Cython is a wrapper of modification of Python that adds C/C++ data types. It extends Python capabilities in other to address many new features like: speed execution, access variable in memory, pointers… To achieve that, Cython add the possibility to type variable; then, Cython compiling Python code into a bytecode representation, and executing the result in the virtual machine at runtime.

Why need Cython

Cython is usually implemented when we want to speed up our code. But it can do much more than that like:

  • It can be used to access to data in RAM in other to free space. This is very helpful and Python don’t permit that
  • It can be used to translate C/C++ to python because it’s a bidirectional wrapper C/C++ to Python and Python to C/C++

Are you already convinced? Let us jump to the next part and see your it work

How it work

In other to achieve all does tasks listed before, Cython need to convert our Python code to C/C++ bytecode representation. We will have 3 steps to achieve this:

  • Step 1: write our python function with our file extension .py
  • Step 2: write a Cython version of this function in a file extension .pyx
  • Step 3: Create the setup file .py and point to the .pyx file
  • Step 4: Go to the setup.py directory and run the setup. This will generate C/C++ bytecode and other files

> python setup.py

  • Step 5: Import the new version of our function and use it on our project

And that’s it!

Notice that Cython offer different type of function (cdef, cpdef), but we will see how to use it in the next section.

Simple exemple with Cython

Assume that your data scientist job is to process +100 Go text data and the process takes several days to finish. The project is organize as follow:

  1. Install Packages

We need first to install Cython from here. You will need to install setuptools if not yet install

> pip install Cython==0.29.23
> pip install setuptools

Notice that Cython has a new release in beta and you can try it if you want.

2. Create Cython version of the code

We will use sample data from this kaggle. For the base line, we have construct the processing function and get the time running.

Now assume that we just want to Cythonize one function (preprocessing). For that, we will create a new folder (not obligatory) “/optim” and store all our Cython files on it.

We will copy the .py file with the function and rename the extension to .pyx into /optim.
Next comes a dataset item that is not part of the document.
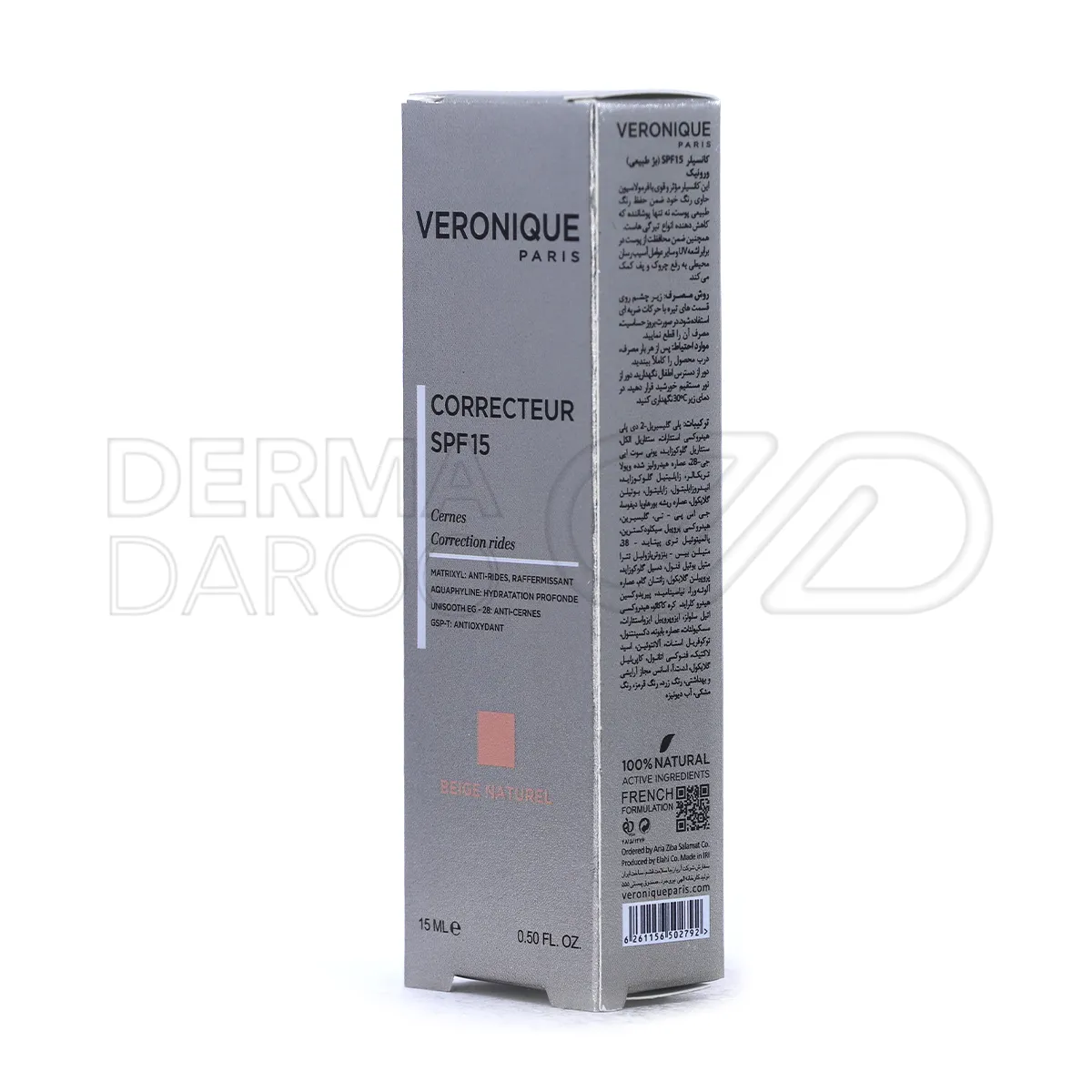 کانسیلر ورونیک SPF15 ضدچروک، پوشاننده تیرگی، محافظ UV، گیاهی، سه رنگ، فرمولاسیون فرانسه
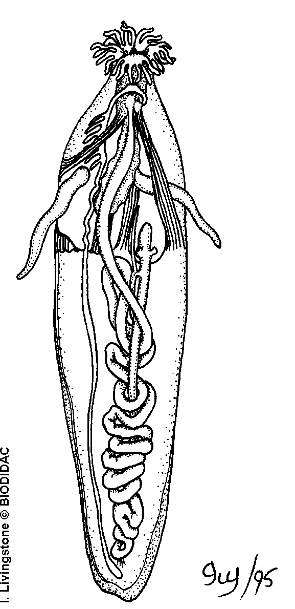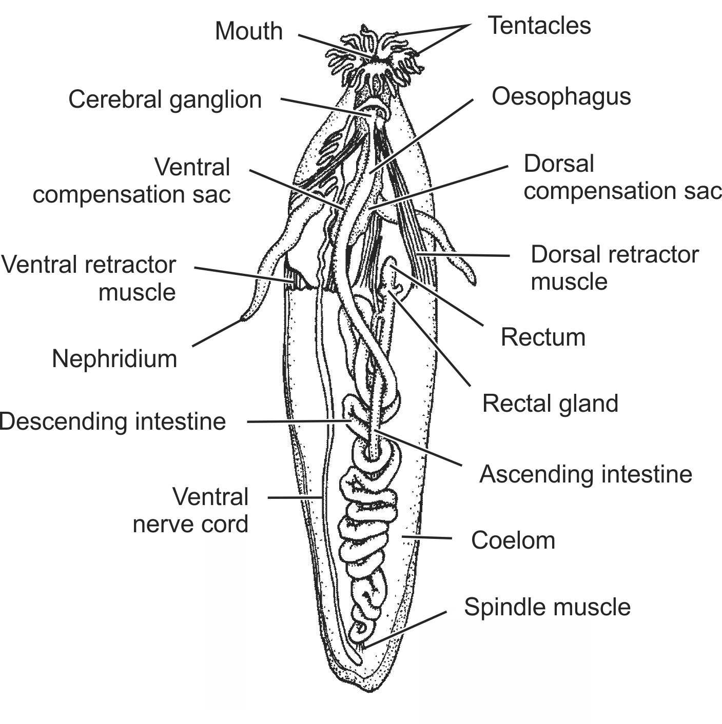 Labels (EN) : Dorsal retractor muscle, Ventral retractor muscle, Mouth, Cerebral ganglion, Ventral compensation sac, Nephridium, Ascending intestine, Ventral nerve cord, Spindle muscle, Coelom, Descending intestine, Rectal gland, Rectum, Dorsal compensation sac, Oesophagus, Tentacles

Once it is done, we will create the setup.py file.

After that, we can run the setup.py and use the preporcessing function from “/optim” in our code. this running will generate new files.

To generate the files, use this command: python setup.py build_ext — inplace

Notice: It’s possible to get a generate errors when we try to run setup.py . this error can appear when the __init__.py file in /optim exist. So, it is recommended to run setup.py and then create __init__.py file.

Finaly, we can run the main.py using this new cythonize preprocessing function.

Oh wait! Just a minute. You don’t have to customise the .pyx with variable type before?

Good question. Notice that you don’t necessarily have to customize the function to gain performance. Just using Cython on existing python function without any change make much more difference as you can see in the results below.

Results using Python
Results using Cython

As you can see, we have obtained 10 seconds speedup just using Cython without any change. Sound great right?

Let us now outperform this by optimizing .pyx function.

Cython optimisation

Before going deep inside the real Cython opyimization steps, just look at the preprocessor.html file generate when making the setup.

This file helps us the visualize our code compile level. More the yellow is, more the code is run use python, and so, more it is slow. Our main goal is to better optimize it to be compile in C.

To optimise a Cython function, we can play at 2 levels:

  1. Level 1: function

The basic Python function key word is “def”. In Cython we have 2 function key words:

a. cdef: this function is a C/C++ version. So:

  • the function variables and parameters must be C/C++ (variables type for example).
  • This function can not be called from a native Python file .py (like from… import…)
  • It is more use as sub function, ie to optimize a part of a function.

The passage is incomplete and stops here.